A fascinating and disturbing interview in Spiegel talks about the increasing use of “drones” — unmanned robotic aircraft that are piloted by remote control from anywhere in the world. The US currently has around 7,000 drones flying, and 43 other countries have some kind of drone in their arsenal.
Even though you might think that the pilot of a drone would suffer from less stress, since they are flying the aircraft much like one would play a video game, and are not personally in any danger. But ironically, the reverse is true. Drone operators are reporting higher levels of combat stress, increased fatigue, emotional exhaustion and burnout than actual troops in a combat area.
In fact, the very thing that makes drones safer might be causing the extra stress. As one drone pilot explained it “You’re going to war for one hour, and then you get in the car and drive home, and within two minutes you’re sitting at the dinner table talking about your kids’ homework.” This kind of casual, switch-on / switch-off warfare is deeply disturbing on many levels.
In real war, you are in the company of other soldiers, sharing the bad experiences as a “band of brothers”. But drone pilots don’t have that support. They are alone. Even worse, soldiers in a war area are in a situation where they can justify their actions as “kill or be killed”. But the drone pilot is not in any immediate danger.
In the end, making war “safer” might have the opposite effect. If there is less risk associated with war, then we are more likely to get into stupid wars.
The article also talks about “war porn” — where surveillance drones allow you to watch war taking place without actually taking part in it. You can even see videos from drones on YouTube. Like other kinds of porn, it allows us to see more while experiencing less.
5 Comments
http://xkcd.com/652/
On the one hand, yes it’s troubling. On the other hand, would you want the alternative? (More dead pilots/soldiers)

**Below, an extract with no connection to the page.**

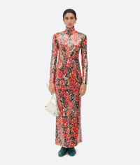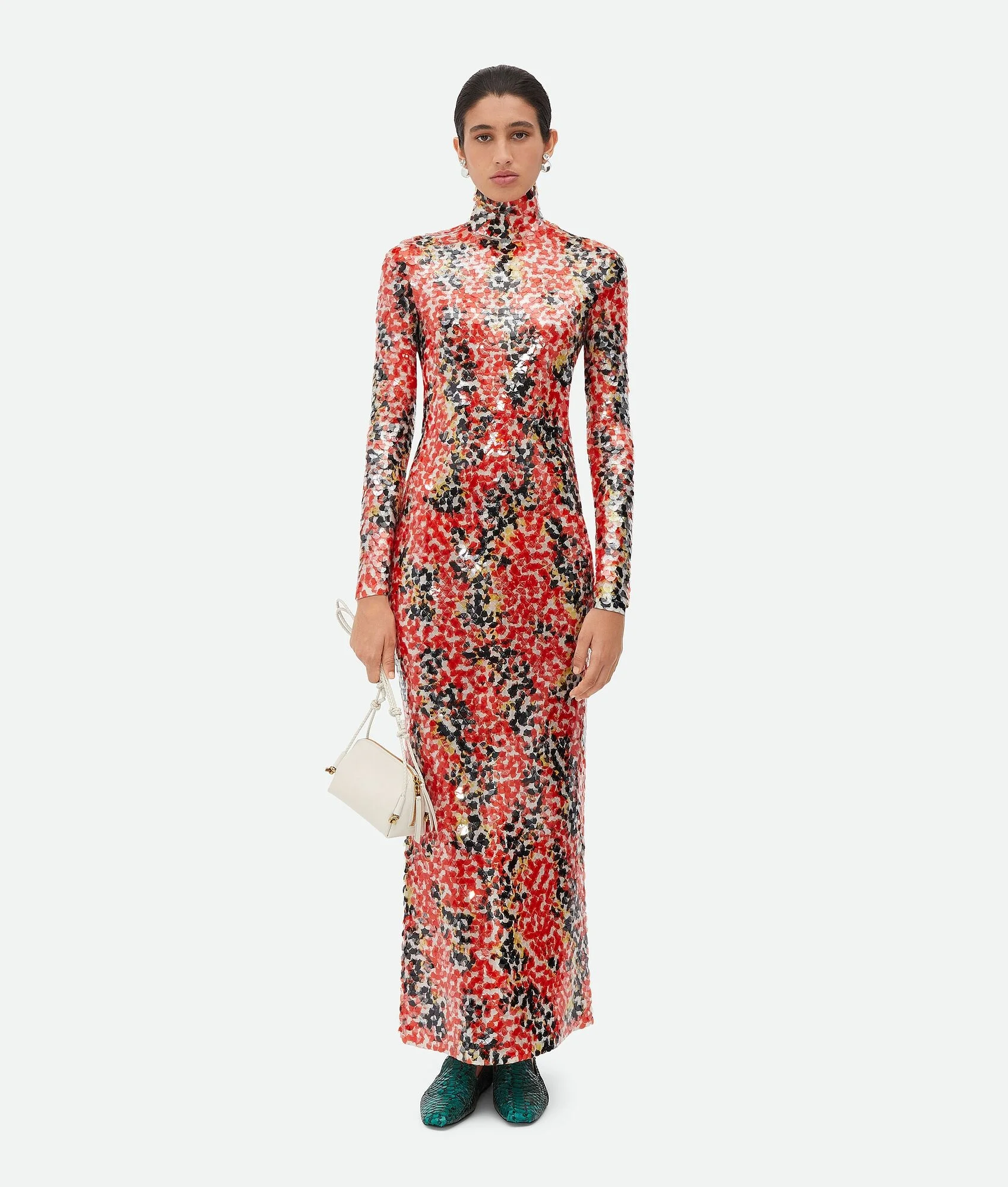 Long dress realised with shiny starfish pattern sequins and knitted viscose. Product Details - Printed sequins cotton knitted long dress - Zipper closure - Unlined - Material: 81% cotton, 19% polyamide - Color: Tulip/Zest/Black - Made in: Italy - Product code: 776214V57K06130 Size & Fit - Model is 176 cm | 5'9" and is wearing a Bottega Veneta size S

If the choice is between soldiers who experience some additional stress and soldiers who are dead, I’ll take the lesser of the two evils – the former. That is not to say there is not a third, better solution. But given those two choices, I’ll take stress over more dead soldiers.
While realizing there may be a “C” choice, given only the “A” and “B” choices of overly stressed and disconnected soldiers vs. dead pilots, I’ll take the former over the latter.
Sammy, sorry about the commenting problem (the fact that he submitted 3 comments is my fault, not his!).
If you read the original article (link in the post), he makes a good case that there *should* be risk associated with war. If governments can wage war without any danger to their citizens, then they are more likely to go into war without really thinking through the consequences.
So, ironically, if we think we can go to war with Iran (or Iraq) and it will not cost any US lives, and as a result we end up starting a stupid war that creates more terrorists, who then kill more Americans, then the end result is worse.
But it is a false choice anyway — there is probably no way to put the drone genie back into the bottle.